Give back every line of the data exactly. Pictures are not part of the copy.
+++ Input
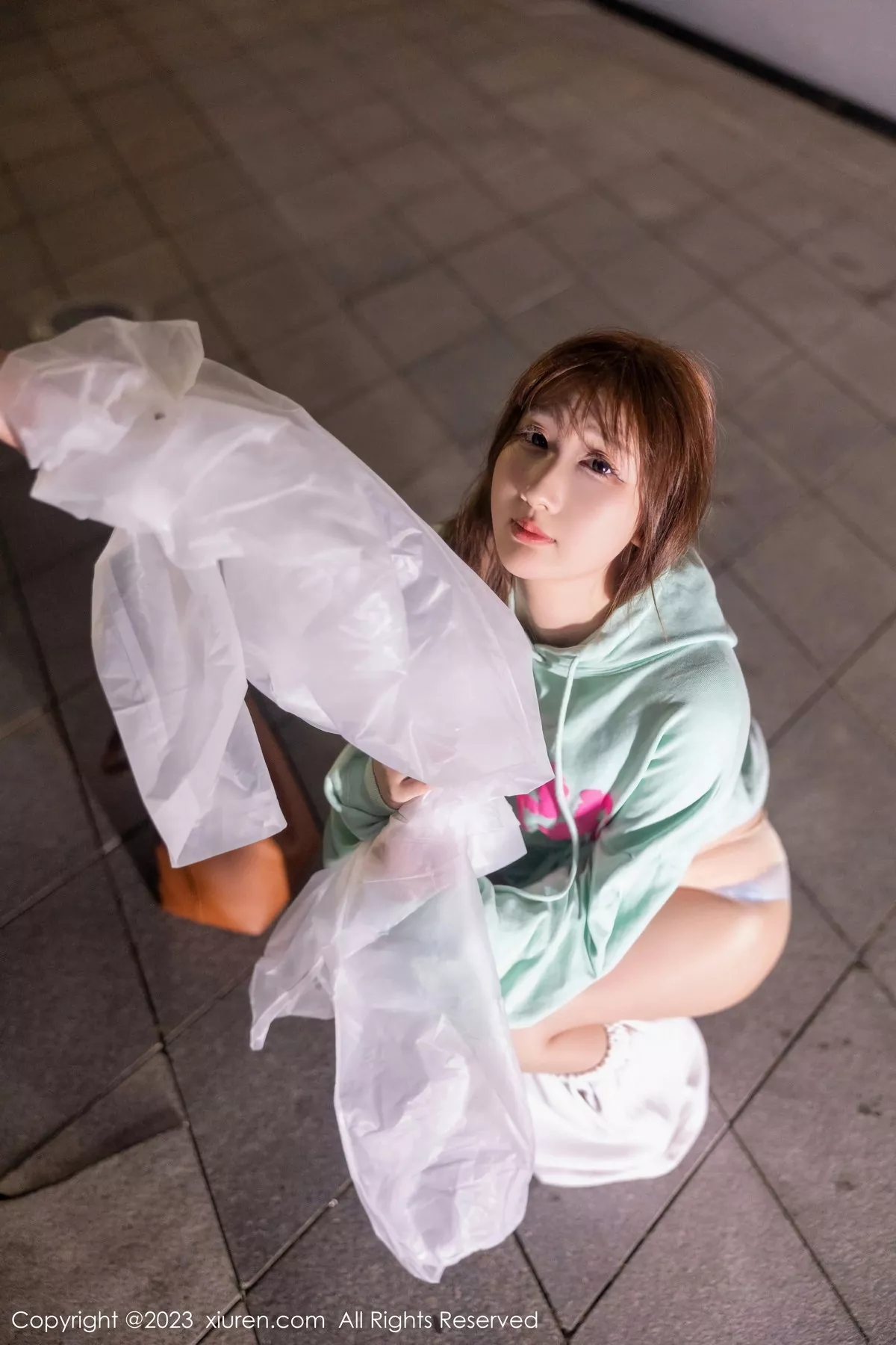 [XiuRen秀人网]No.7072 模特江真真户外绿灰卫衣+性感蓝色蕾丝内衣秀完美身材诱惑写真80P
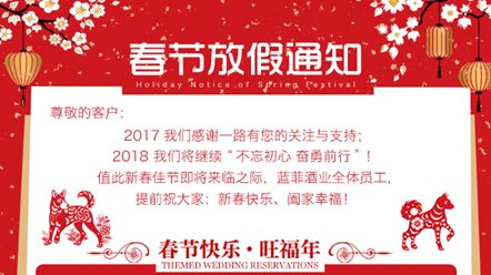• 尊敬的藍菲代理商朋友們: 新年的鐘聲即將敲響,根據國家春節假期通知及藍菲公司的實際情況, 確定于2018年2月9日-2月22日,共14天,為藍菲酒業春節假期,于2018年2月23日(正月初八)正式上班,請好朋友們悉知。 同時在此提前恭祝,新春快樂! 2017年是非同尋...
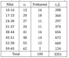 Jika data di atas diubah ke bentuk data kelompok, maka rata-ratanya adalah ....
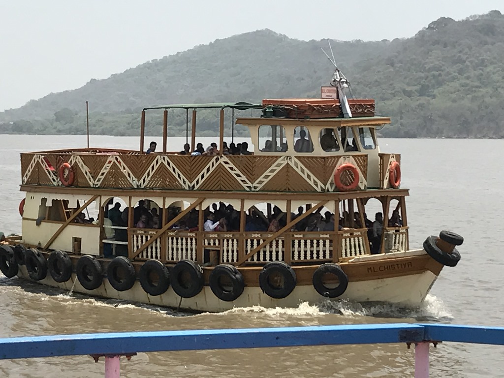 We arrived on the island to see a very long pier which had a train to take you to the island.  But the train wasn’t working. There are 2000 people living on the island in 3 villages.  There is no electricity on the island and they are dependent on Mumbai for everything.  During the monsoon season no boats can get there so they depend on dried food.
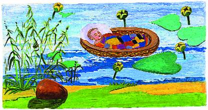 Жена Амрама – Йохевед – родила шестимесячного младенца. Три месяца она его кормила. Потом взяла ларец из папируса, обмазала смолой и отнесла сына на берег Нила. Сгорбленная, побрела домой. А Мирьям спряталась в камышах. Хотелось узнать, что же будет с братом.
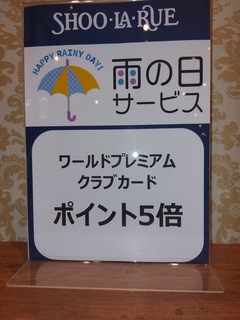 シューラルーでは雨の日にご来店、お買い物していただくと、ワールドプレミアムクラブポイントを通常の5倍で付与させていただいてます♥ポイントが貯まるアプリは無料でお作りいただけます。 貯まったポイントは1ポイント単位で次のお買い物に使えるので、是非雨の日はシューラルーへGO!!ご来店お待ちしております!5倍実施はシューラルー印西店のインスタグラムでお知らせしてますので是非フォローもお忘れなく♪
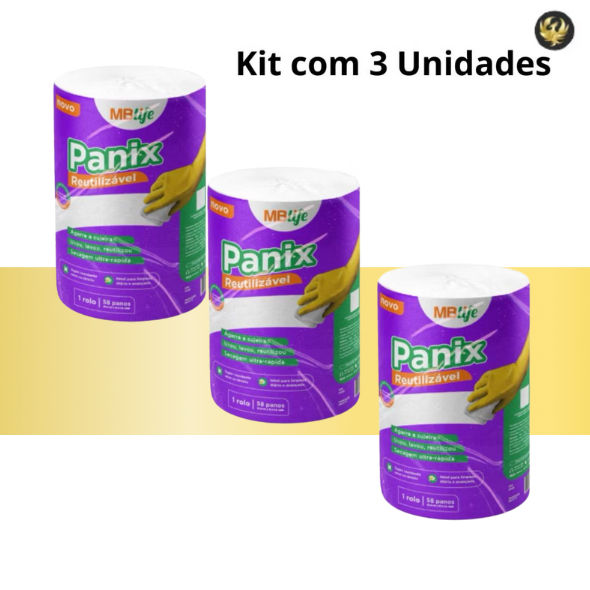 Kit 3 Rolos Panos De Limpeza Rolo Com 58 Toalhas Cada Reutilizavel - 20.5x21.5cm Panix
++++++
--- Reply to the exercise ---
 [XiuRen秀人网]No.7072 模特江真真户外绿灰卫衣+性感蓝色蕾丝内衣秀完美身材诱惑写真80P
• 尊敬的藍菲代理商朋友們: 新年的鐘聲即將敲響,根據國家春節假期通知及藍菲公司的實際情況, 確定于2018年2月9日-2月22日,共14天,為藍菲酒業春節假期,于2018年2月23日(正月初八)正式上班,請好朋友們悉知。 同時在此提前恭祝,新春快樂! 2017年是非同尋...
 Jika data di atas diubah ke bentuk data kelompok, maka rata-ratanya adalah ....
 We arrived on the island to see a very long pier which had a train to take you to the island.  But the train wasn’t working. There are 2000 people living on the island in 3 villages.  There is no electricity on the island and they are dependent on Mumbai for everything.  During the monsoon season no boats can get there so they depend on dried food.
 Жена Амрама – Йохевед – родила шестимесячного младенца. Три месяца она его кормила. Потом взяла ларец из папируса, обмазала смолой и отнесла сына на берег Нила. Сгорбленная, побрела домой. А Мирьям спряталась в камышах. Хотелось узнать, что же будет с братом.
 シューラルーでは雨の日にご来店、お買い物していただくと、ワールドプレミアムクラブポイントを通常の5倍で付与させていただいてます♥ポイントが貯まるアプリは無料でお作りいただけます。 貯まったポイントは1ポイント単位で次のお買い物に使えるので、是非雨の日はシューラルーへGO!!ご来店お待ちしております!5倍実施はシューラルー印西店のインスタグラムでお知らせしてますので是非フォローもお忘れなく♪
 Kit 3 Rolos Panos De Limpeza Rolo Com 58 Toalhas Cada Reutilizavel - 20.5x21.5cm Panix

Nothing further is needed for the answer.